RECORDED INFORMATION
::::::::
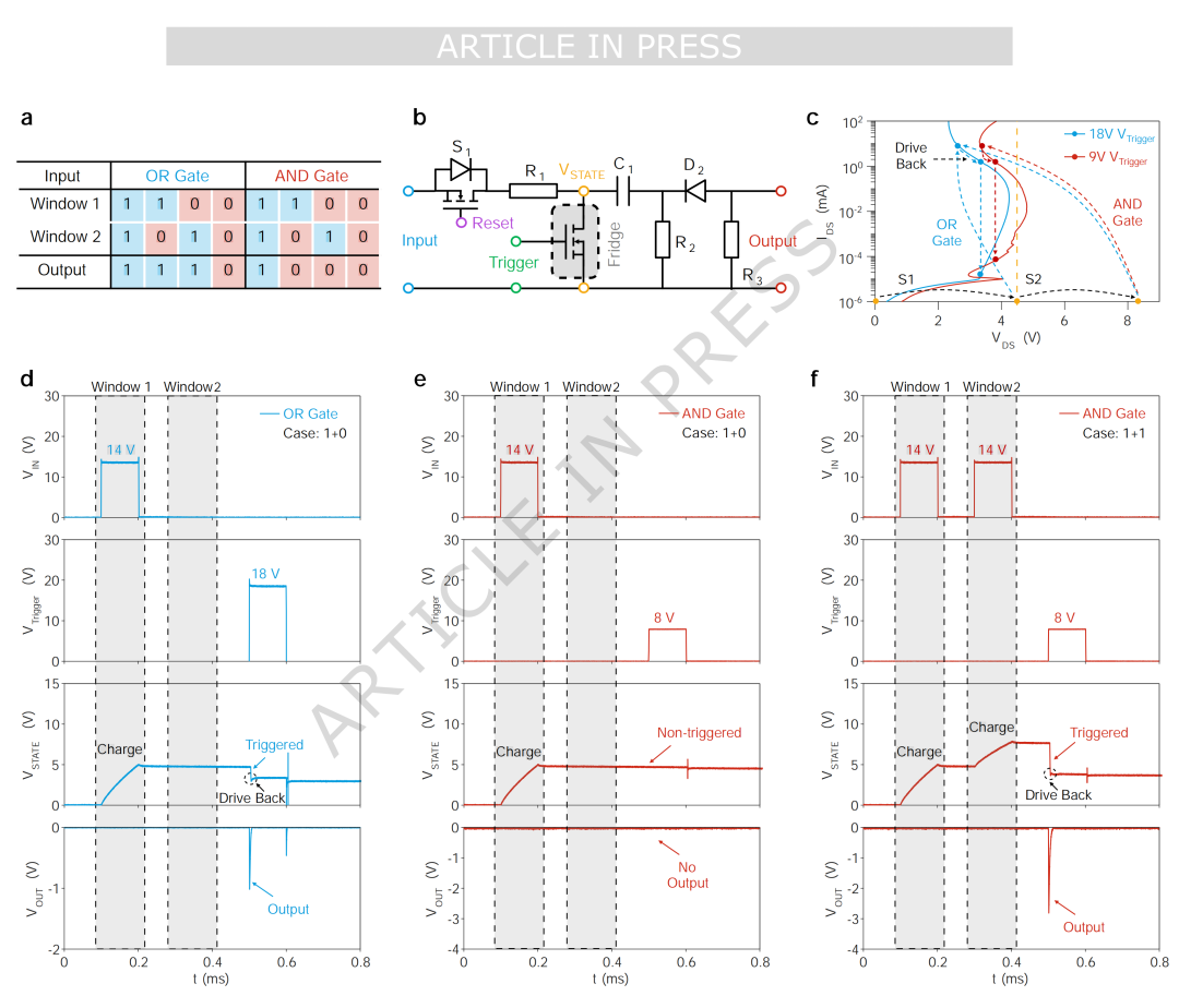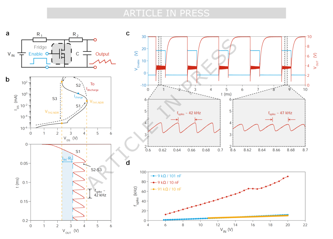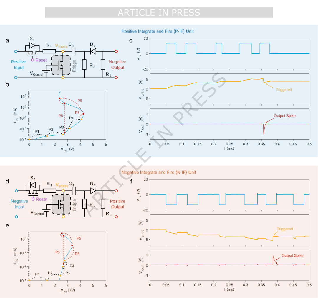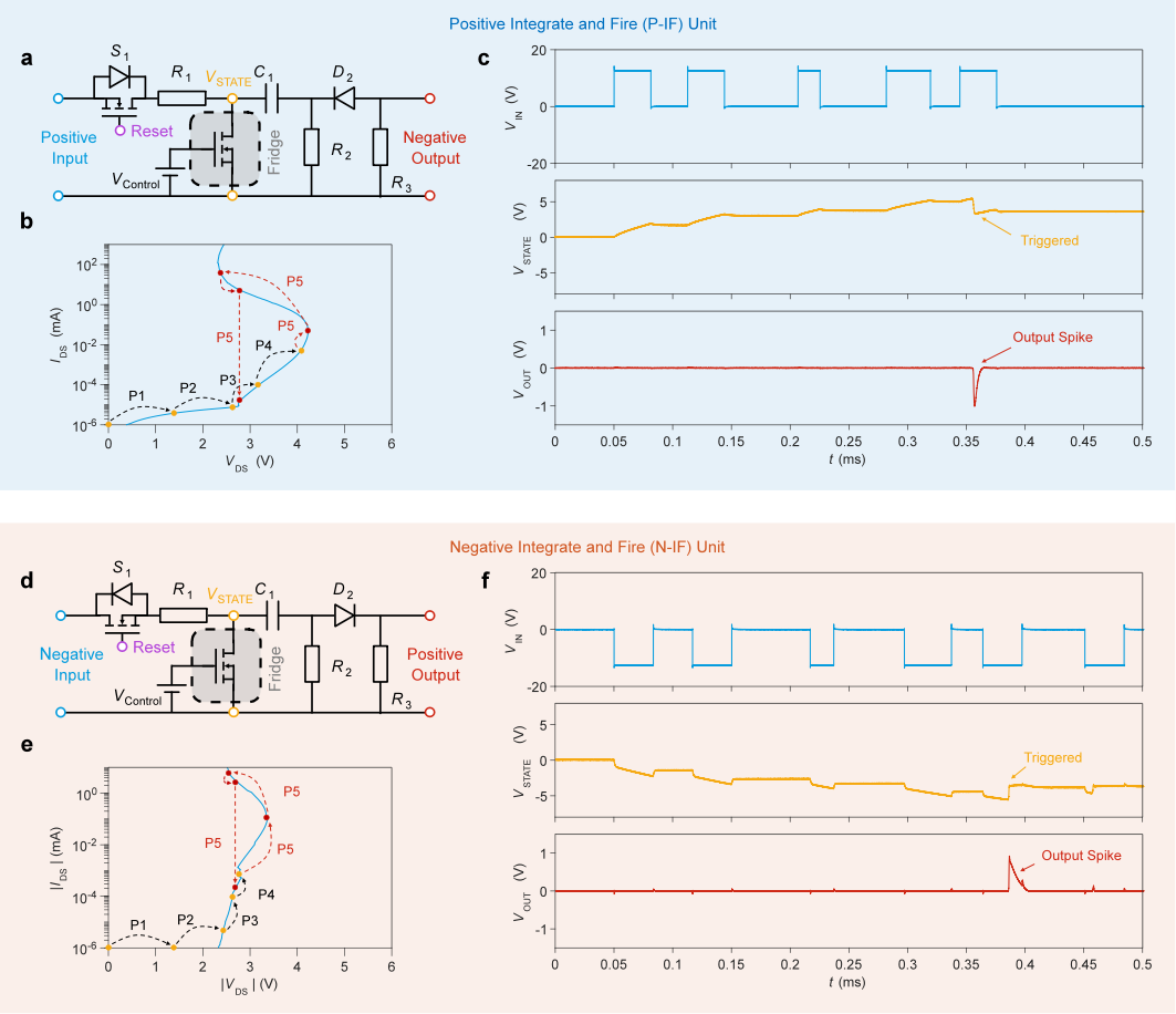 图2:基于NDR的正型与负型积分发放神经元:(a)正型积分发放(P-IF)单元的电路示意图,(b)P-IF单元中SiC MOSFET的工作阶段示意,(c)P-IF单元中输入VIN、VSTATE和输出VOUT的实测波形,(d)负型积分发放(N-IF)单元的电路示意图,(e)N-IF单元中SiC MOSFET的工作阶段示意,(f)N-IF单元中输入VIN、VSTATE和输出VOUT的实测波形。
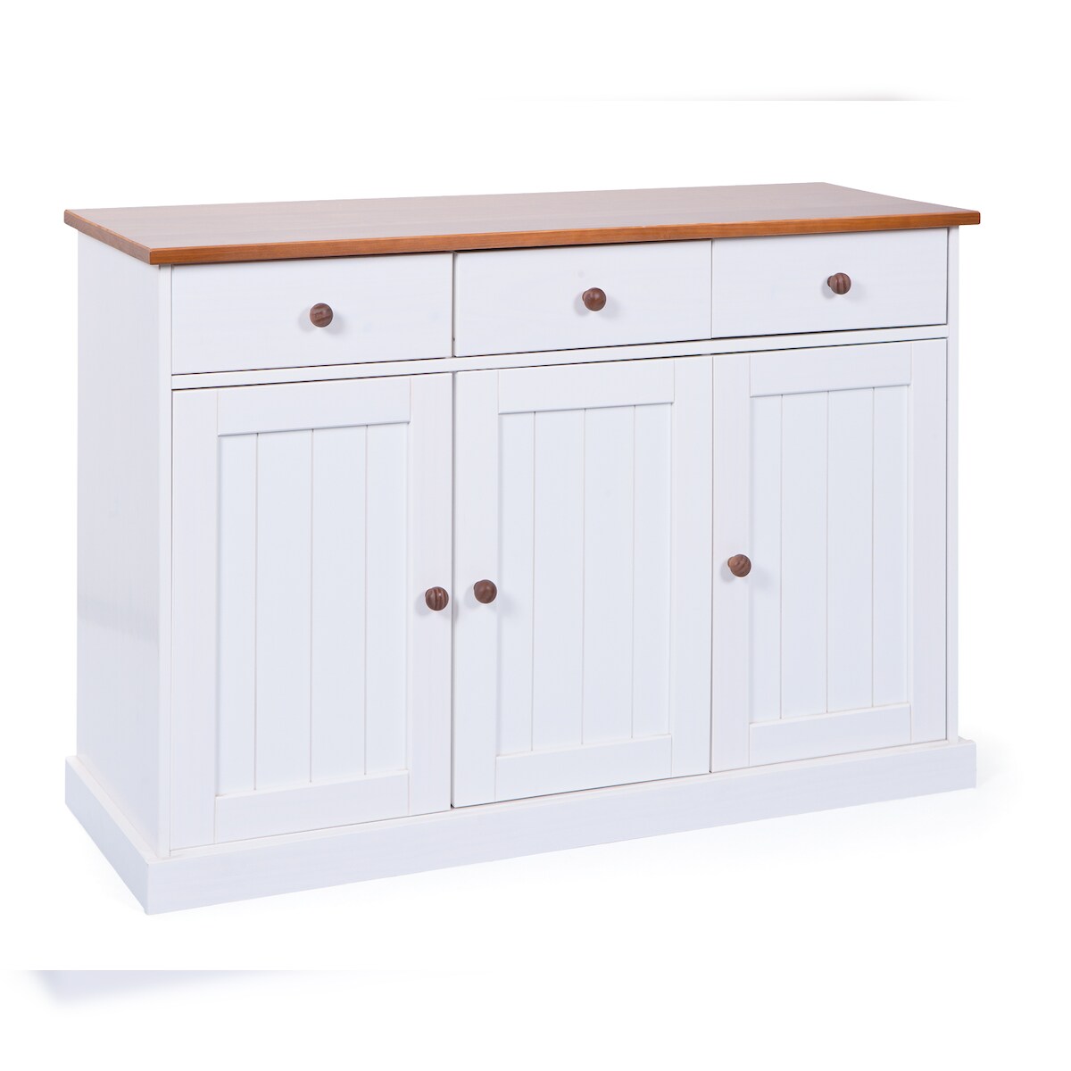 Wright Sideboard 3 Türen, 3 Schubladen, weiss, braun.
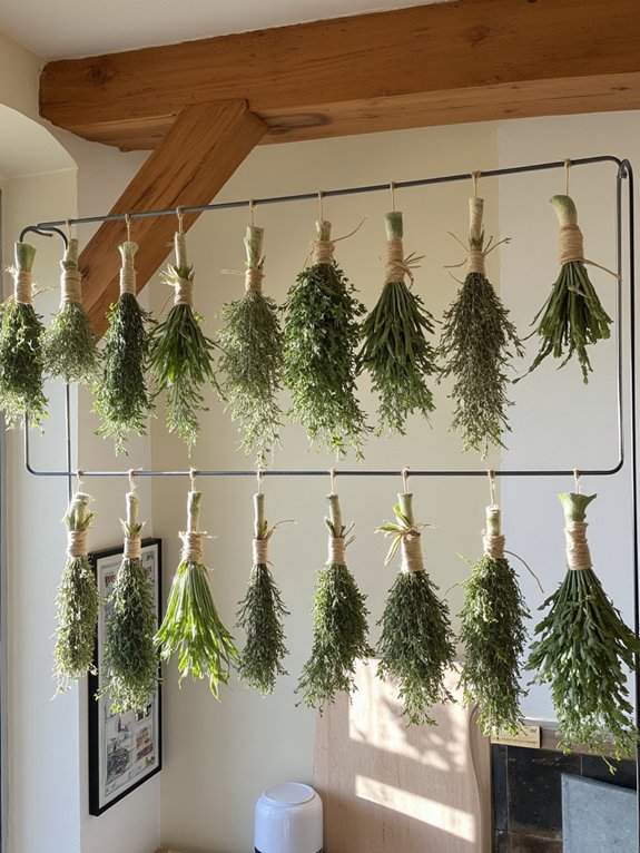 Proper installation near a window ensures adequate airflow, while maintaining distance between herb bundles prevents moisture-related issues. Using twine or clips to suspend herbs upside down allows for optimal drying over 1-2 weeks, after which the dried herbs can be stored in dated, airtight containers for future use.
::::::::
WHAT THIS TASK INVOLVES
The finished copy should match the data above word for word and contain no pictures.

ANSWER SECTION
 图2:基于NDR的正型与负型积分发放神经元:(a)正型积分发放(P-IF)单元的电路示意图,(b)P-IF单元中SiC MOSFET的工作阶段示意,(c)P-IF单元中输入VIN、VSTATE和输出VOUT的实测波形,(d)负型积分发放(N-IF)单元的电路示意图,(e)N-IF单元中SiC MOSFET的工作阶段示意,(f)N-IF单元中输入VIN、VSTATE和输出VOUT的实测波形。
 Wright Sideboard 3 Türen, 3 Schubladen, weiss, braun.
 Proper installation near a window ensures adequate airflow, while maintaining distance between herb bundles prevents moisture-related issues. Using twine or clips to suspend herbs upside down allows for optimal drying over 1-2 weeks, after which the dried herbs can be stored in dated, airtight containers for future use.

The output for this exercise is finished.